REQUIRED ACTION >>
Reproduction of part of the material below, pictures omitted: copy exactly, and only, the lines starting with the one with "物件リストで、営業担当が提案" and going on through the one with "Our modular sofa".

PROVIDED ENTRIES >>
######

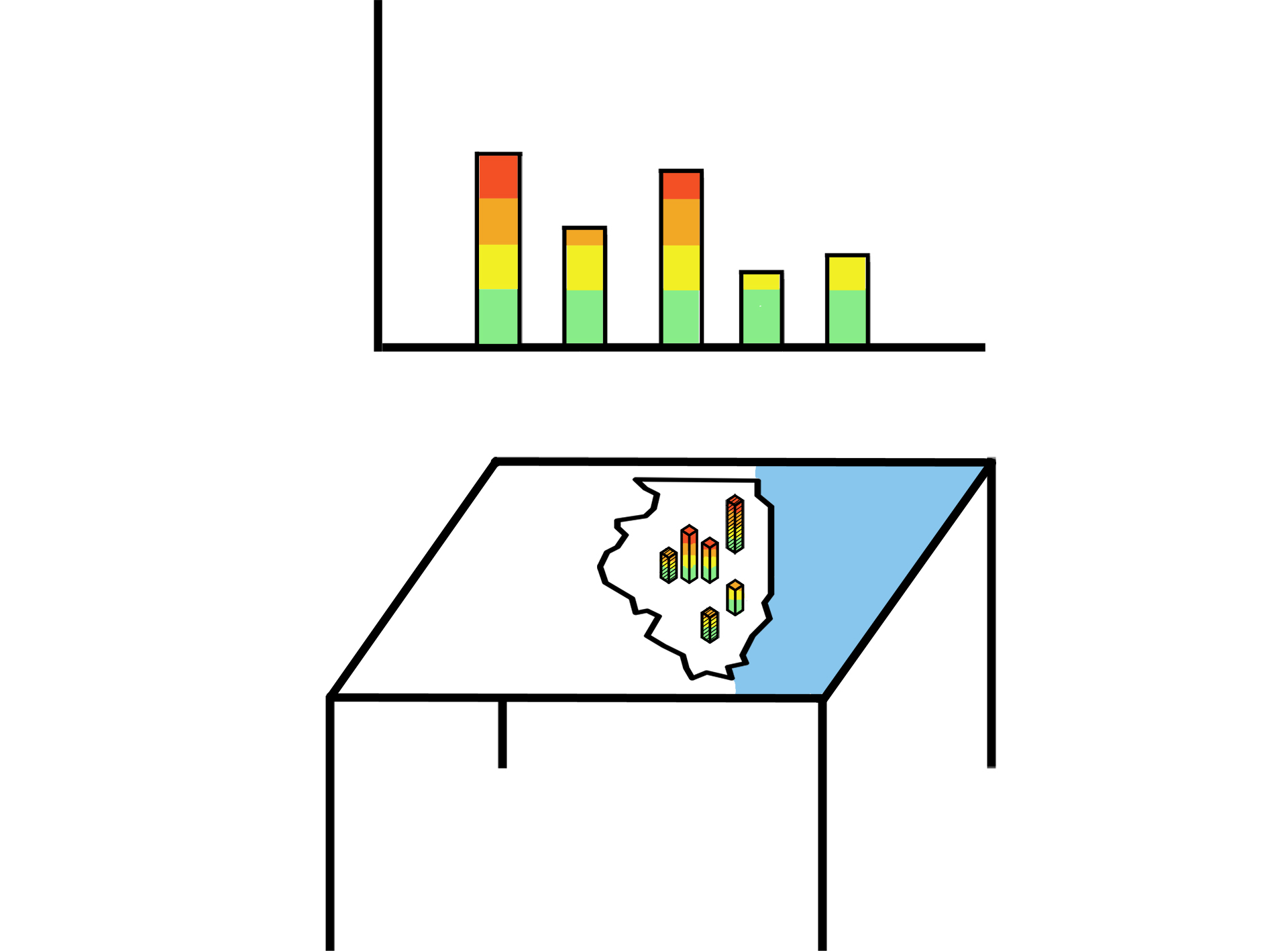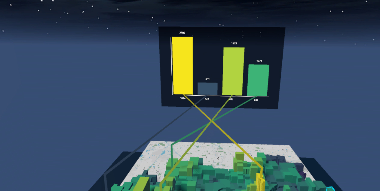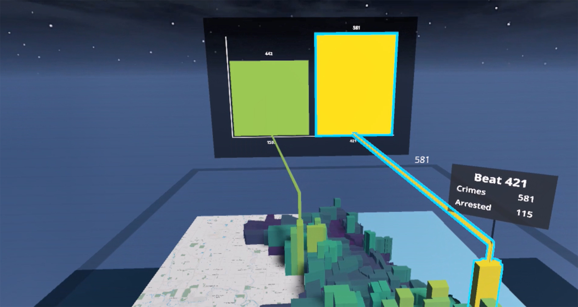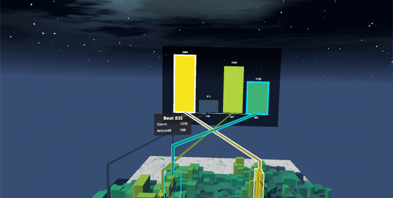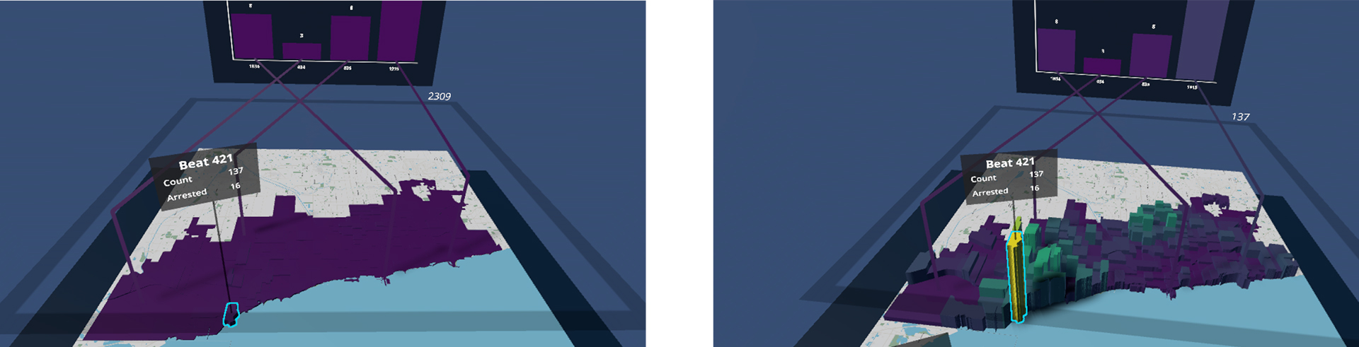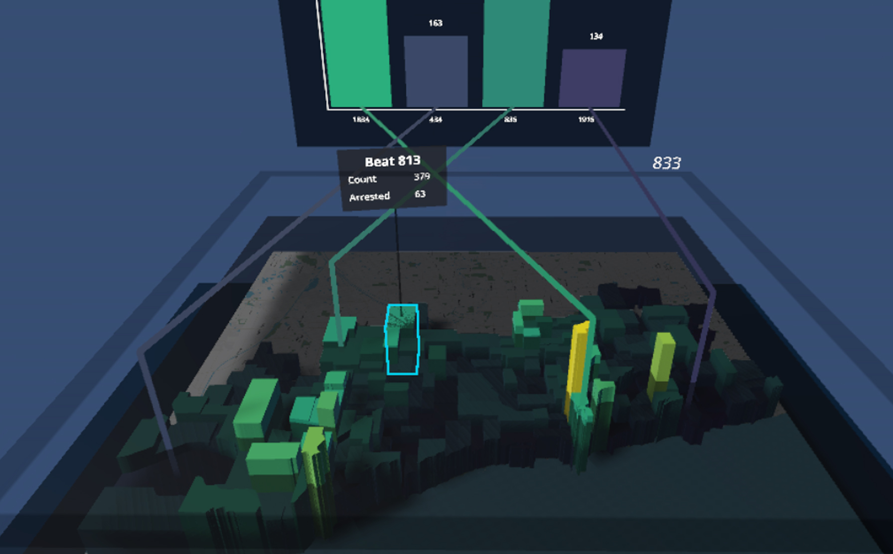In CrimeBlocks, the user stands in front of a table on which a map of Chicago is printed. On the map, 3D blocks in varying heights and colors are placed, giving the impression of a city skyline. These blocks represent so-called beats, the smallest police districts. The height and color of the beats are determined by the number of crimes in the respective beat. Above the table and always in front of the user hovers a 2D bar chart, which allows for a more fine-grained comparison between selected beats. The connection between 2D and 3D visualization is achieved by a line connecting the 3D beat and its 2D counterpart in the bar chart.
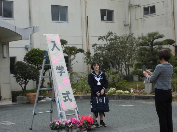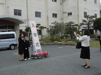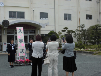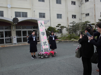 保護者の方々もみな笑顔で、入学式の看板を背景に写真を撮っていました。
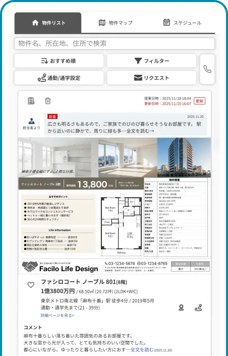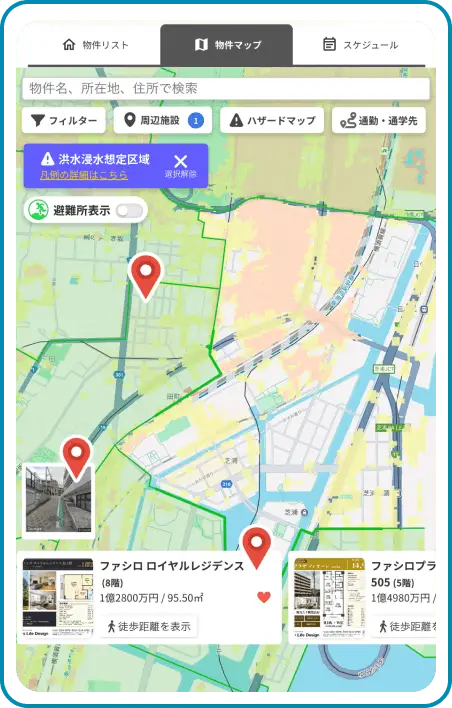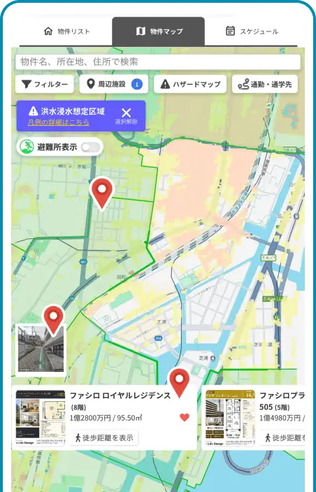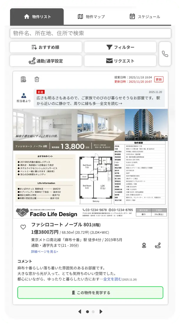 物件リストで、営業担当が提案した物件の一覧をご確認いただけます。物件マップではスーパー・コンビニ・病院などの周辺施設や小中学校の学区もチェックできます。
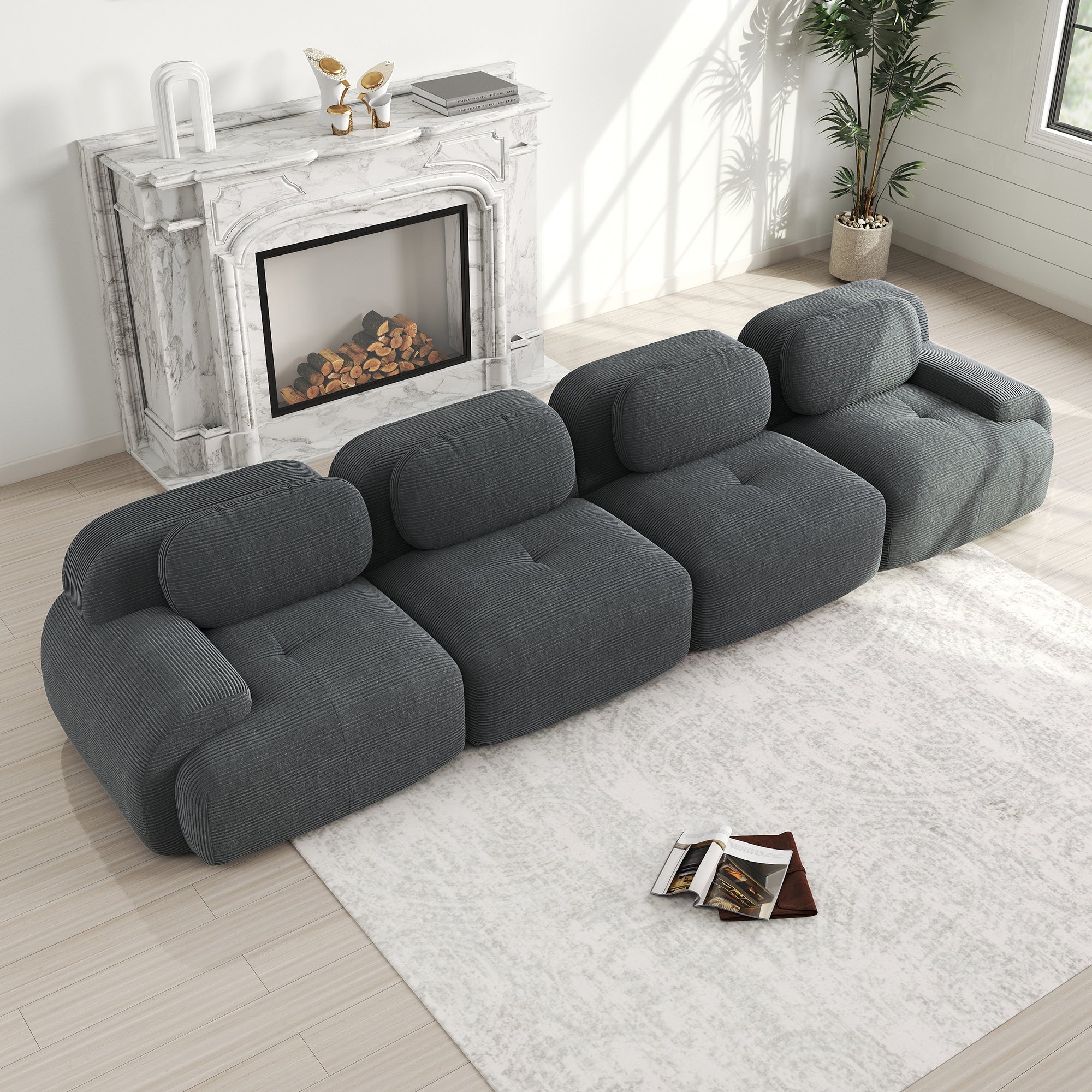 Our modular sofa saves you the hassle of complicated furniture assembly—it's ready to use right out of the box. Simply unpack all the components and gently tap each module to activate the elasticity and restore its beautiful shape.
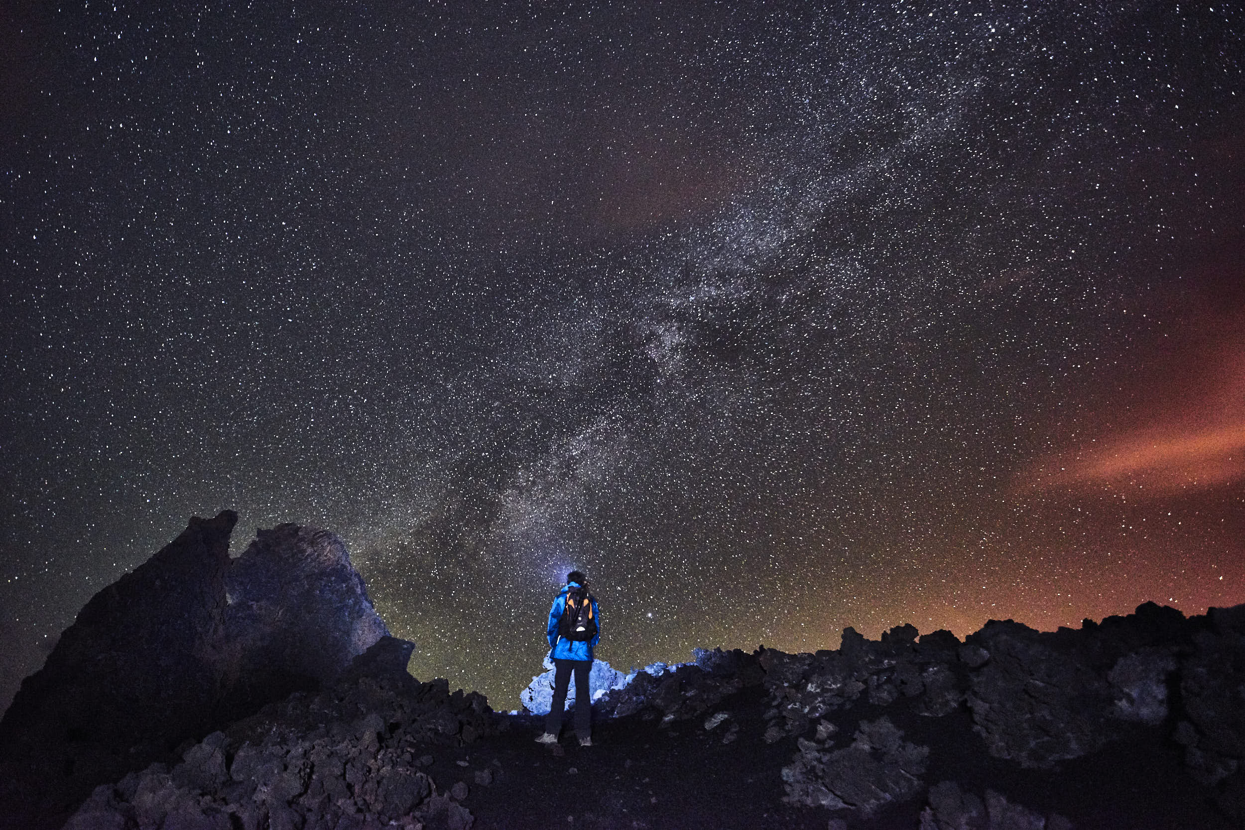 My reward, as I march across the volcanic sand and the roof of the gods opens up above me, is to truly feel my place in the cosmic scale of things. I look up to see that the Seven Sisters, or Pleiades, cluster of stars are very distinct, burning with a ghostly purple aura.
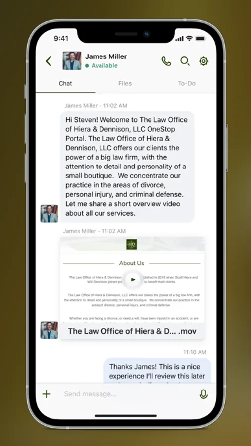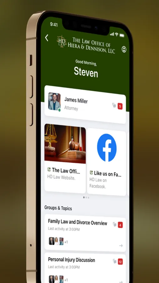 The HD Law app facilitates communication and improves efficiency between the law firm and clients, and makes it easier to reach attorneys and staff, review and e-sign documents, check on upcoming court dates, and more.
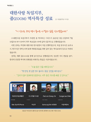 (사)대한사랑 독일지부가 주관한 줌 역사특강 시리즈가 2025년 5월 15일부터 7월
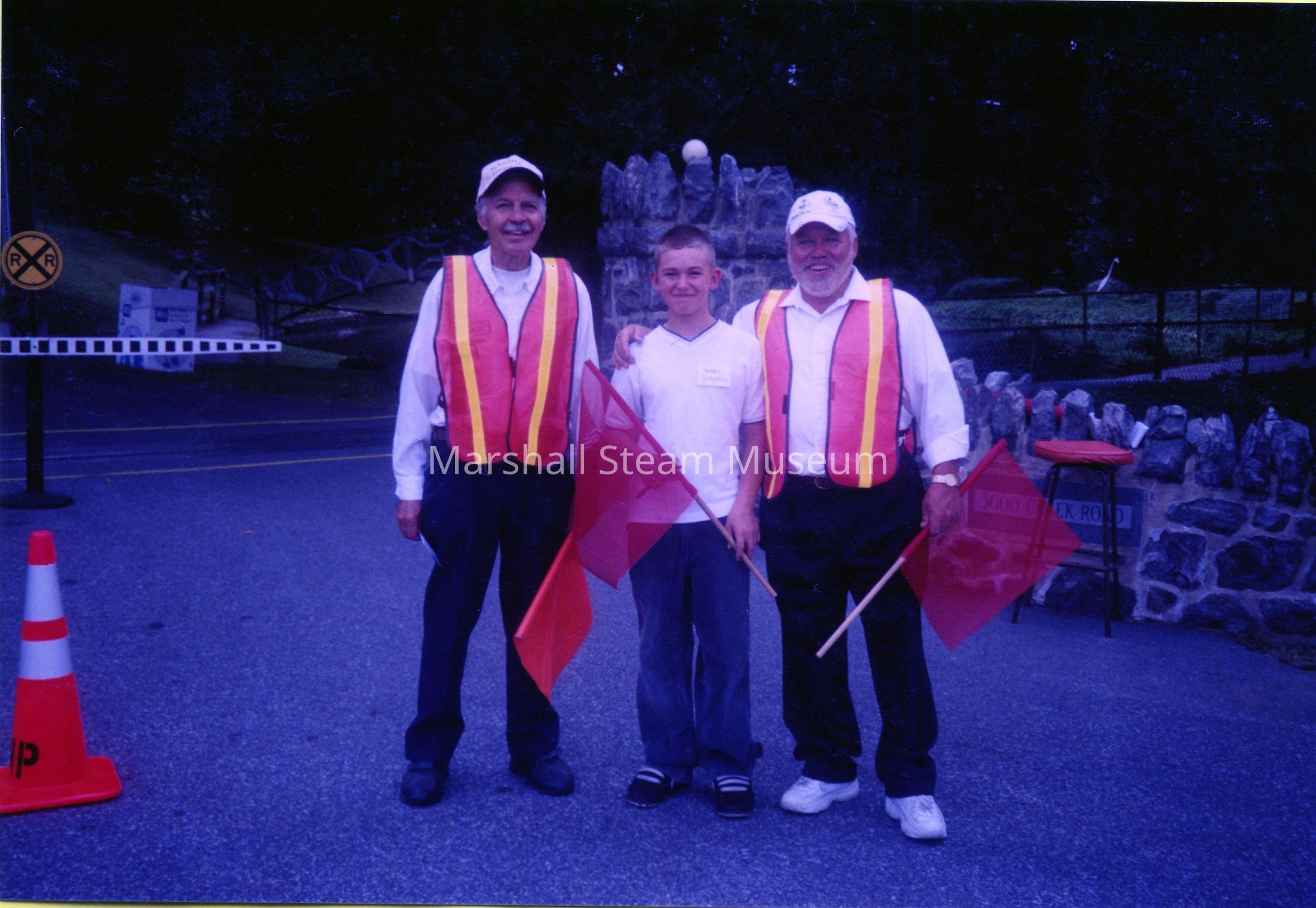 Gerhard Maute and Teddy and Dale Simpkins at the front gate at the September Steamin' DayPhotograph Details

######

RESPONSE >>
 物件リストで、営業担当が提案した物件の一覧をご確認いただけます。物件マップではスーパー・コンビニ・病院などの周辺施設や小中学校の学区もチェックできます。
 Our modular sofa saves you the hassle of complicated furniture assembly—it's ready to use right out of the box. Simply unpack all the components and gently tap each module to activate the elasticity and restore its beautiful shape.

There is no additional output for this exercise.